For the description of the former host volume of the fragment see the online catalogue of the Library of HAS (ALEPH), in the Old Books – Rare Books (RBK):
The description of the fragment is available in the fragmentarium database:
https://fragmentarium.ms/overview/F-71k1
The fragment is an incomplete, in the middle cut bifolio of a 14th-century antiphonal, whose pieces almost precisely match. The first leaf of the bifolio fragmentarily preserved the first de apostolis office of the commune sanctorum, the second leaf, however begins with the last chant of the evangelists and continues with the chants of martyrs. This way, the original codex must have had at least one bifolium between the two leaves.

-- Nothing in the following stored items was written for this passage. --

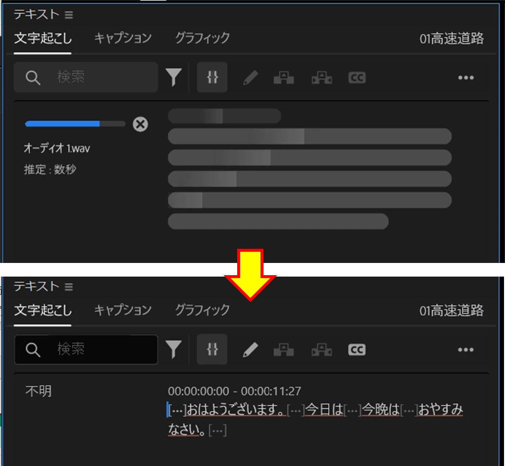 GG.S___Known ParticipantForum|Forum|9 months agoMay 11, 2025Question【質問】文字起こしがされない件についてForum|Forum|9 months agoMay 11, 20251 reply639 views表題の件に関して質問です。 始めたばかりの初心者なのですが、教材に従い簡単な設定を行い、提供されたサンプル動画をプロジェクトからタイムラインに移したところ文字起こしパネルが読み込んでいる状態(ゲージが延びている)になりました。 しかし、左に延びては、0からスタートし左に延びるを永続に繰り返しており、一向に文字起こしされません。 PCのスペックは悪くもなく、20秒もないファイルであり、教材動画もタイムラインに入れた瞬間くらいに文字起こしがすぐにされていました。 原因わかりましたら教えていただきたいです。 ver:25.2.3(ビルド4)エラー・問題操作方法・手順
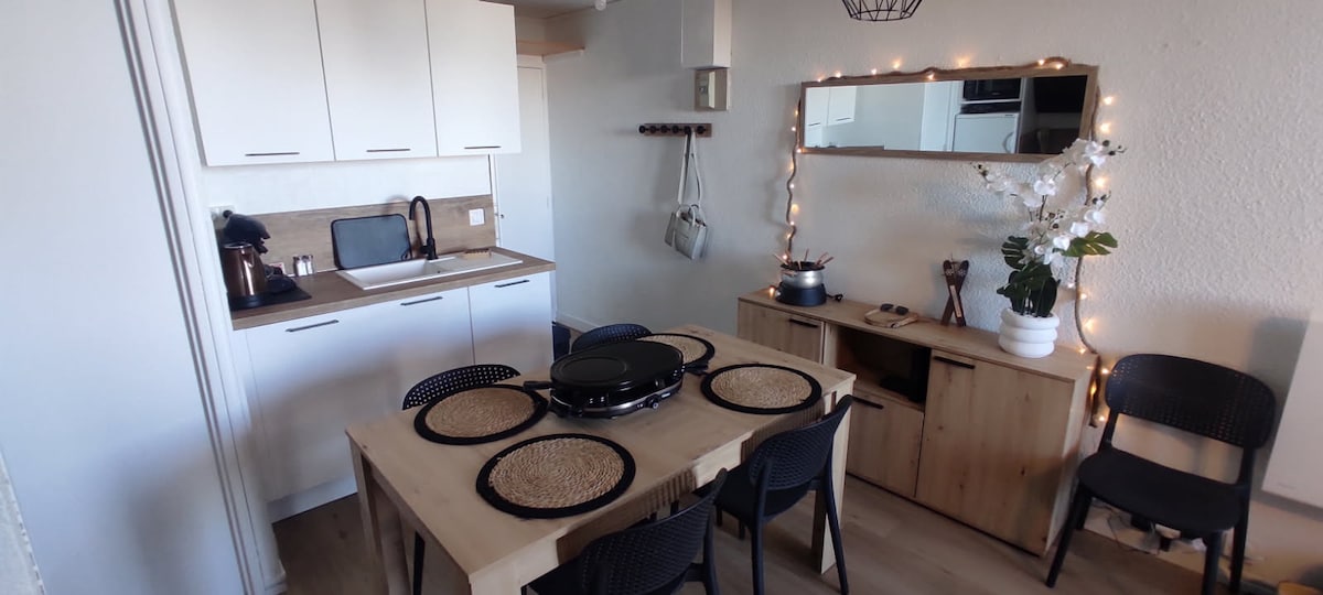 Studio cosy à Chamrousse, classé 2 étoiles, situé au pied des pistes, pour 2 à 4 personnes. 2 couchages en lit escamotable et un canapé-lit convertible de qualité. Récemment rénové, ce studio est entièrement équipé : four, micro-ondes, cafetière Dolce Gusto, bouilloire, grille-pain, lave-vaisselle, TV, sèche-cheveux. Profitez également d'un balcon avec vue, d'un casier à ski et d'un parking privatif couvert. La navette gratuite de la station a un arrêt au pied de l'immeuble durant la saison.
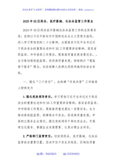 / 2025年XX区药品、医疗器械、化妆品监管工作要点
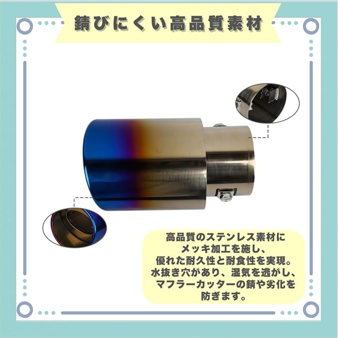 【錆びにくい高品質素材】高品質のステンレス素材にメッキ加工を施し、優れた耐久性と耐食性を実現。水抜き穴があり、湿気を逃がし、マフラーカッターのサビや劣化を防ぎます。
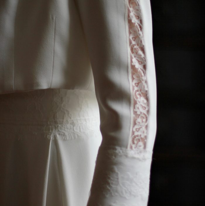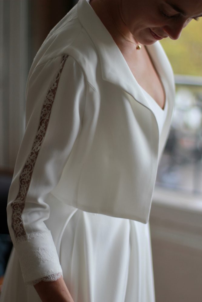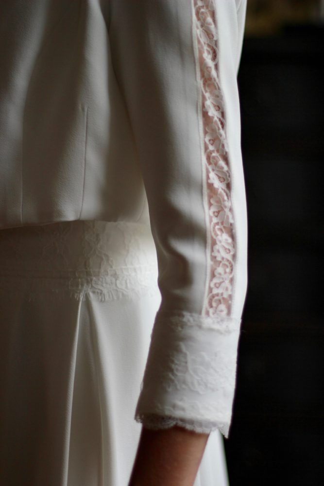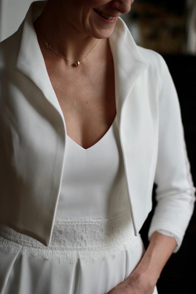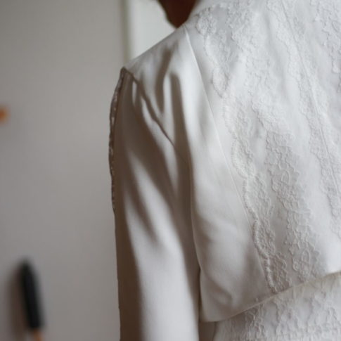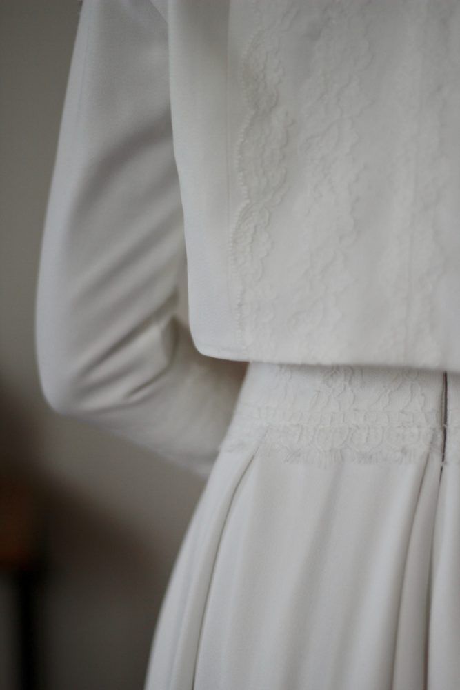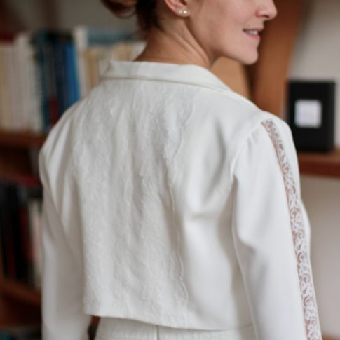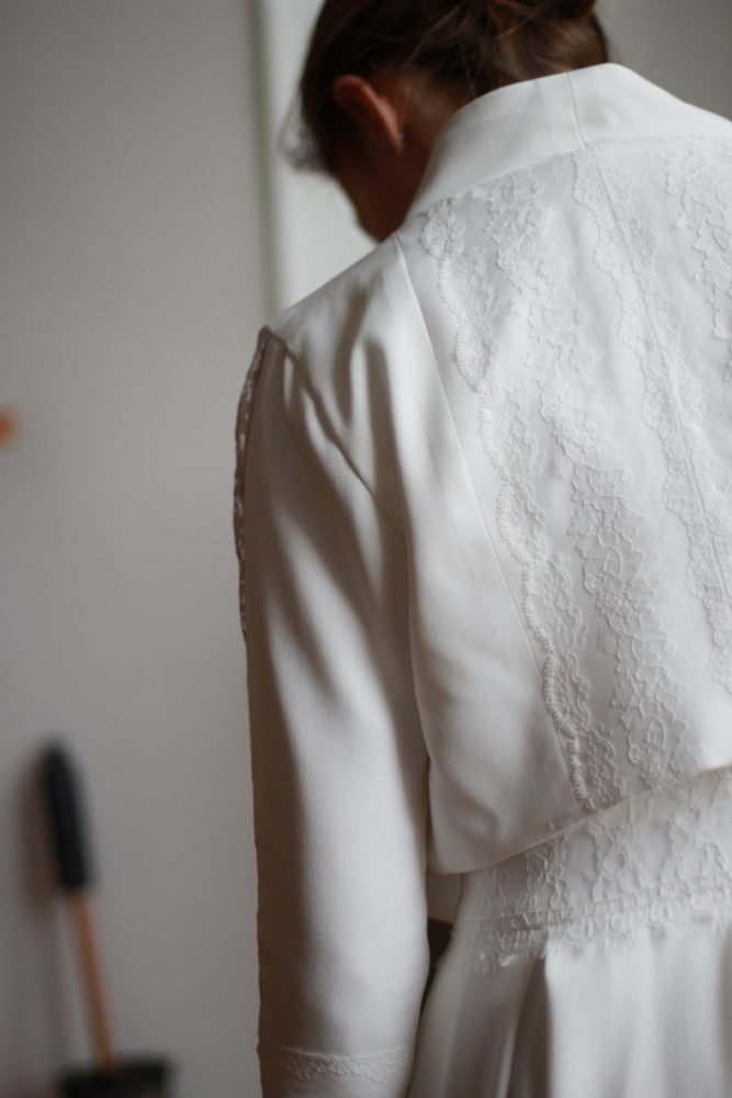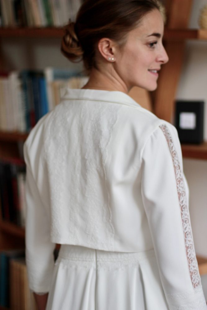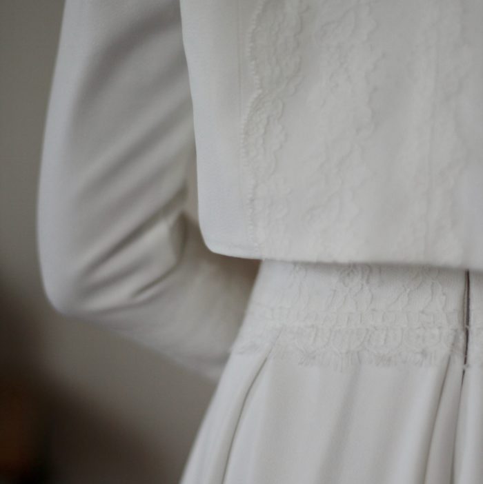 Galon de dentelle de Calais sur la taille de la robe, le dos et les manches de la veste.

Both the musical notation and the liturgical-musical content confirms the monastic, Cistercian provenance of the original codex. Beside the coloured lines of the staves (red for F, yellow for C), the most telling features are the responsorium breve sang in the first vespers of the martyrs (with two different melodies for the martyrs and martyr bishops), the first four antiphons of the Matins’ first nocturne, and the unique canticle antiphon in the third nocturne of the Matins of apostles. The Regem sempiternum antiphon can also be counted as a Cistercian trait, which is documented only in a few French, German and Polish Cistercian sources by the Cantus database. The origins of the former codex can be placed in a German Cistercian monastery, taking in account the German elements of the notation (virga as a syllabic base symbol, the shapes of the clivis and cephalicus).